Problem details:
Leave out pictures; repeat exactly the lines from the "SEAVER Fishing Bucket, Transparent, 3-Piece" line through the last of the data below.

Collected data:
++++++++++
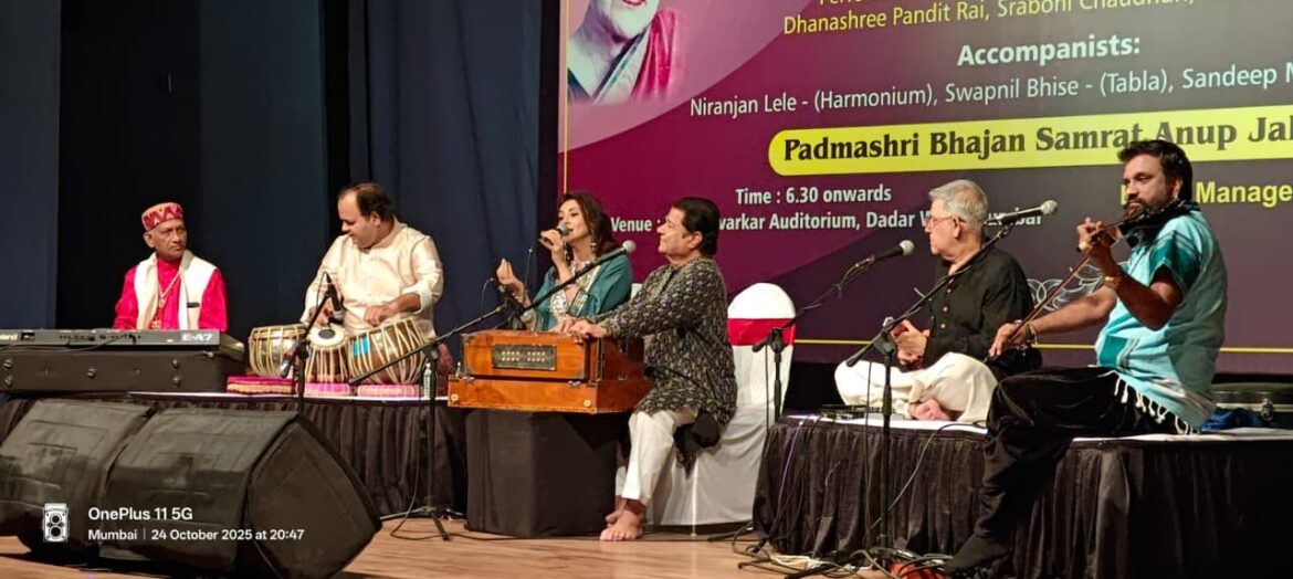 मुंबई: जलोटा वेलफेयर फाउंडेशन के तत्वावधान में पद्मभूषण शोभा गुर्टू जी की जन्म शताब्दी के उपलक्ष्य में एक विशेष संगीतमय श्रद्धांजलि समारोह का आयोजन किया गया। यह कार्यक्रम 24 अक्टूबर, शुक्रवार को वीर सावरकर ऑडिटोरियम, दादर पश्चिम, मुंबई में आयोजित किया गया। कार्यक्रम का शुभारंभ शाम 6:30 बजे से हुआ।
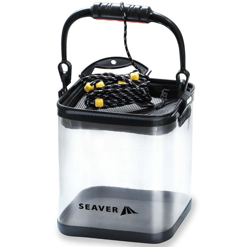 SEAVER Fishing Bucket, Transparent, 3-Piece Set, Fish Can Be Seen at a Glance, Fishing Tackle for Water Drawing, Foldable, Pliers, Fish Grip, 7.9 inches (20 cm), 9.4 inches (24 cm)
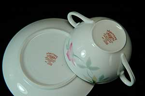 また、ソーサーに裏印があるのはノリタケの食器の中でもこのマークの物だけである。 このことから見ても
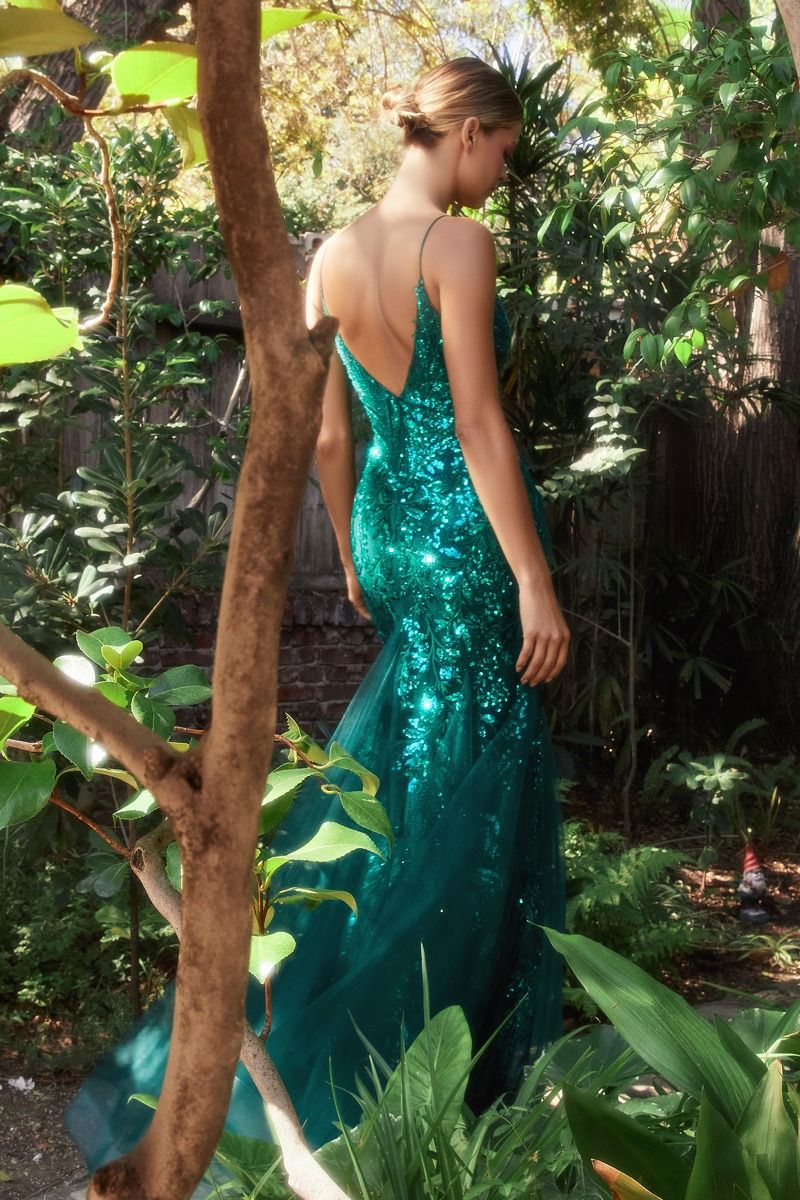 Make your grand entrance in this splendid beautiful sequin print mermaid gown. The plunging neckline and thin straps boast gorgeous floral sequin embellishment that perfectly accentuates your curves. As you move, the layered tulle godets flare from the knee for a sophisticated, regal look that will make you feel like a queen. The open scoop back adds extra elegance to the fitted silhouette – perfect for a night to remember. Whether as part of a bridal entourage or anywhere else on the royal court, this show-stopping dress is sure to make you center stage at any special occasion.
++++++++++
Exercise response:
 SEAVER Fishing Bucket, Transparent, 3-Piece Set, Fish Can Be Seen at a Glance, Fishing Tackle for Water Drawing, Foldable, Pliers, Fish Grip, 7.9 inches (20 cm), 9.4 inches (24 cm)
 また、ソーサーに裏印があるのはノリタケの食器の中でもこのマークの物だけである。 このことから見ても
 Make your grand entrance in this splendid beautiful sequin print mermaid gown. The plunging neckline and thin straps boast gorgeous floral sequin embellishment that perfectly accentuates your curves. As you move, the layered tulle godets flare from the knee for a sophisticated, regal look that will make you feel like a queen. The open scoop back adds extra elegance to the fitted silhouette – perfect for a night to remember. Whether as part of a bridal entourage or anywhere else on the royal court, this show-stopping dress is sure to make you center stage at any special occasion.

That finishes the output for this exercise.